Tutto questo, e altro ancora, mi ha portato ieri a cercare qualcosa che giustificasse un filo di ottimismo nonostante i giorni vissuti-inanellati-consumati-dissipati tra numeri pandemici, numeri circensi, numeri amarissimi e numeri ancora da decifrare. Improvvisamente, con Blaise Pascal, mi sono allora chiesto: “Che cos’è l’uomo nella natura? Un nulla in confronto all’infinito, un tutto in confronto al nulla, un qualcosa di mezzo fra nulla e tutto”. Poi ho scoperto che “tutta l’infelicità degli uomini proviene da una cosa sola: dal non saper restare tranquilli in una camera” e anche che “gli uomini, non avendo potuto gestire la morte, la miseria, l’ignoranza hanno deciso di non pensarci per rendersi felici…”. Infatti, “l’unica cosa che ci consola dalle nostre miserie, è il divertimento, il quale è la maggiore tra le nostre miserie…”. Da qualche parte ho letto che “credere o non credere è la stessa cosa perché, al fondo di tutto, c’è un inesplicabile mistero…”. Resterebbe da “rimettere al caso il nostro destino e vivere così felicemente nell’innocenza immaginativa”, ma questo è altro discorso. Quasi quasi ho orrore di capire e sono invece felice di accogliere l’imprevisto. Il mio amico Marcoaldi ha calcolato che l’anno scorso, in sei giorni, ossia centoquarantaquattro ore, ne ha trascorse solo tre a conversare con gli amici. “Per il resto – ha annotato -, solitudine, fantasticherie, un bicchier d’acqua o un caffè, l’aperitivo due volte al giorno, un ricordo che mi sorprende, un’immagine che mi visita, e poi una cosa tira l’altra ed è già sera”. Forse ha ragione chi sostiene la vita come se fosse “una lunga cavalcata tra il sogno e il mistero, in cui si affaccia via via quel meraviglioso regalo che si chiama immaginazione”.

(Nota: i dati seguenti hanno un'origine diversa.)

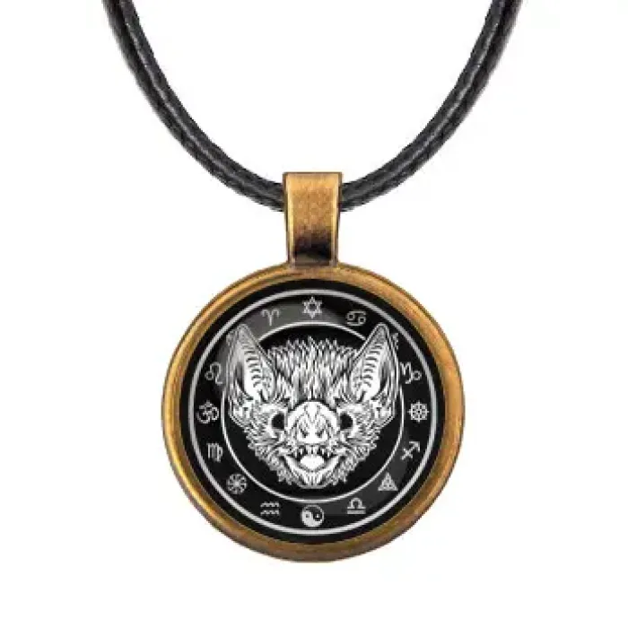 Кулон со шнурком в виде летучей мыши из бижутерного сплава с покрытием под бронзу и стеклянной линзой.
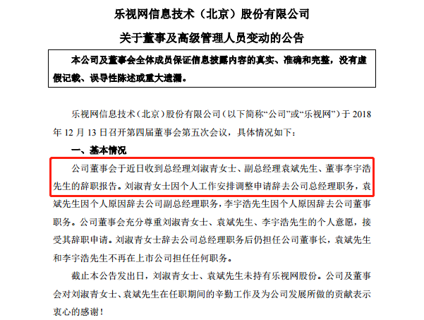除此经营业绩大幅下降和亏损之外,公司管理层频繁变更,2016年至今,“乐视系”已有至少42位高管离职,其中大多数都是乐视曾经花重金挖来的。而刚不久的12 月 13 日,乐视网总经理刘淑青、副总经理袁斌、董事李宇浩纷纷辞职。
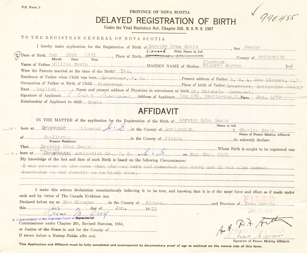 IN THE MATTER of the application for the Registration of the Birth of Dorothy EdnaSwain
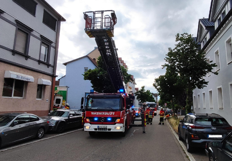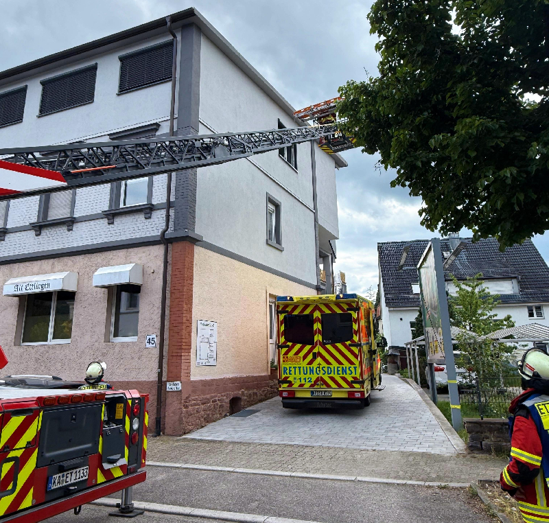 Die Abteilung Ettlingen-Stadt wurde zur Unterstützung des Rettungsdienstes alarmiert. Ein Patient in lebensbedrohlichem Zustand wurde mit der Drehleiter aus dem 2. OG heruntertransportiert und vom Rettungsdienst ins Krankenhaus eingeliefert.
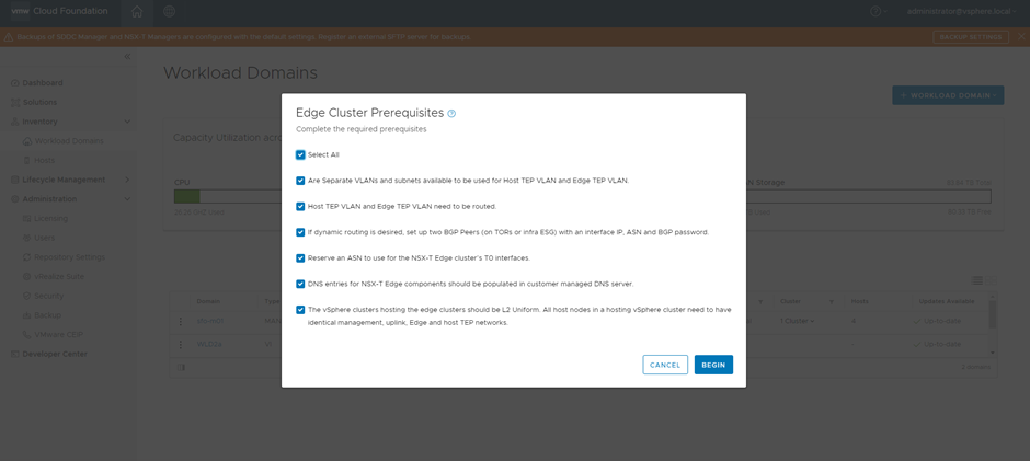 From here we are presented with another checkbox menu, where we are asked to complete Edge Cluster Prerequisites before we can proceed further. This is where we need to begin to understand what the desired outcome will look like. In most scenarios we will want to run a dynamic routing protocol such as BGP to manage dynamic failover and automatically inject AVN address space into the routing table upon creation. We ‘Select All’ to continue.
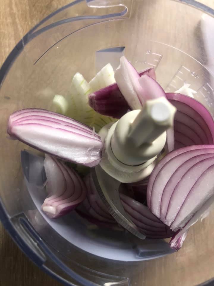 - Mixer l’oignon rouge et l’oignon vert mais réserver la tige verte vous la mixerez séparément avec l’ail et mixer aussi les tomates
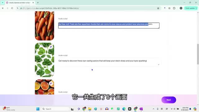 这个是字母的颜色,是黄颜色。ok我们就选择黄颜色,下面是每一个画面,然后它自动生成的这个文本,它一共生成了八个画面。如果你对生成的画面或者是文本不满意的话,你还可以编辑重新生成。好,我们来生成next。
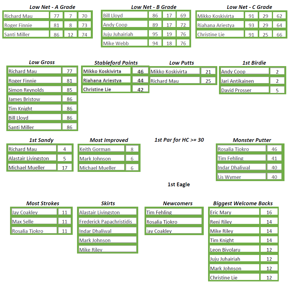 As mentioned we did a very curtailed prize-giving so all the winners from the regular prizes will be receiving their prizes at a future event…. As will our actual Monthly Medal winner Mikko Koskiverta who had made an error in adding up his scorecard which we only picked up on when entering scores today, meaning he and not Hana Ariestya took home the shield. Thank you to Hana for her understanding on the matter and we will arrange the photo with the shield next week Mikko.
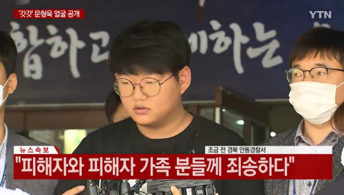 安東警察署の留置場に入監されていたムン・ヒョンウクは14時頃、検察への移送前に警察署の玄関に登場した。身元公開審議委員会の決定に基づき、帽子やマスクを着用することなく、メガネをかけた姿でカメラの前に立った。
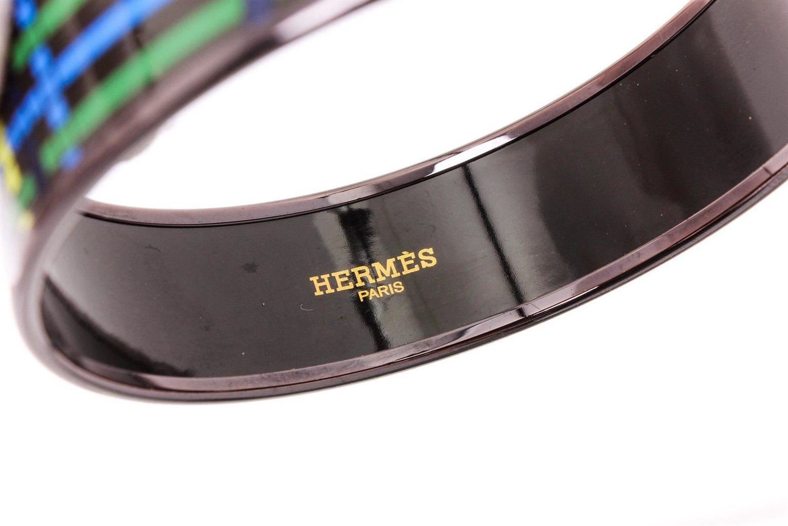 Hermes black plated black multicolor enamel bangle bracelet. Condition: Pre-Owned Good overall, please see photographs for detail.
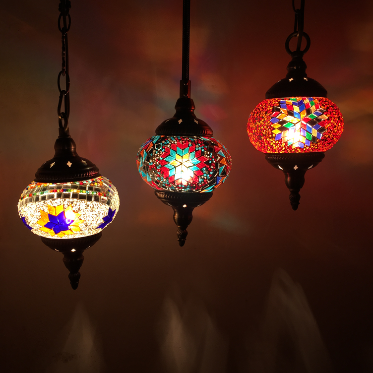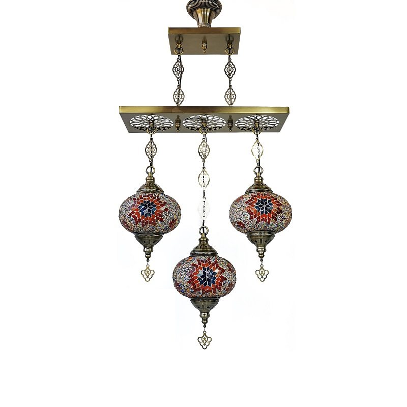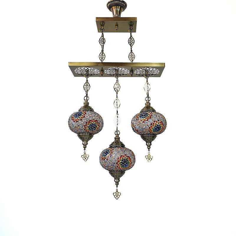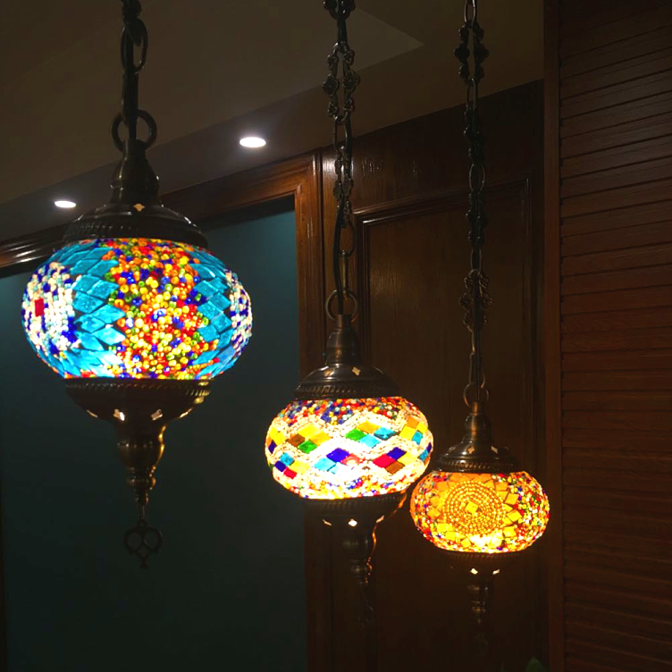 【推荐理由】2020年盛夏新品,镂空雕花3头吊灯是土耳其风格手工马赛克灯饰里面比较特别的款式。常用于餐厅吧台、酒店前台、特色餐厅、咖啡厅、酒店、民宿、火锅店、商场装饰、足浴中心等。今年夏季,我们重新将颜色进行系统升级,升级后的图案更加系统关联化、体系化、异域大方、原汁原味。
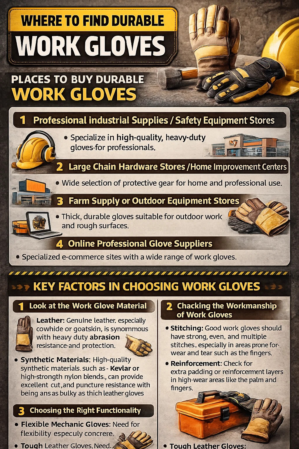 Om du behöver arbetshandskar för grovt arbete, som att hantera timmer, vassa verktyg eller arbeta utomhus, överväg dessa platser.

Domani, passata la tempesta e salutati gli augelli a far festa, si ricomincia dai numeri pandemici, dai colori che diventano cupi, dalle paturnie politiche, dalle ombre diffuse dalle minacce di dimissioni senza ritorno, dai poveri cristi che aspettano aiuti, dai sognatori di un vaccino che li restituisca alla vita normale, dalle parole di pace e speranza portate dal Papa dove è più difficile che mai respirare pace e sognare cieli e terre nuove.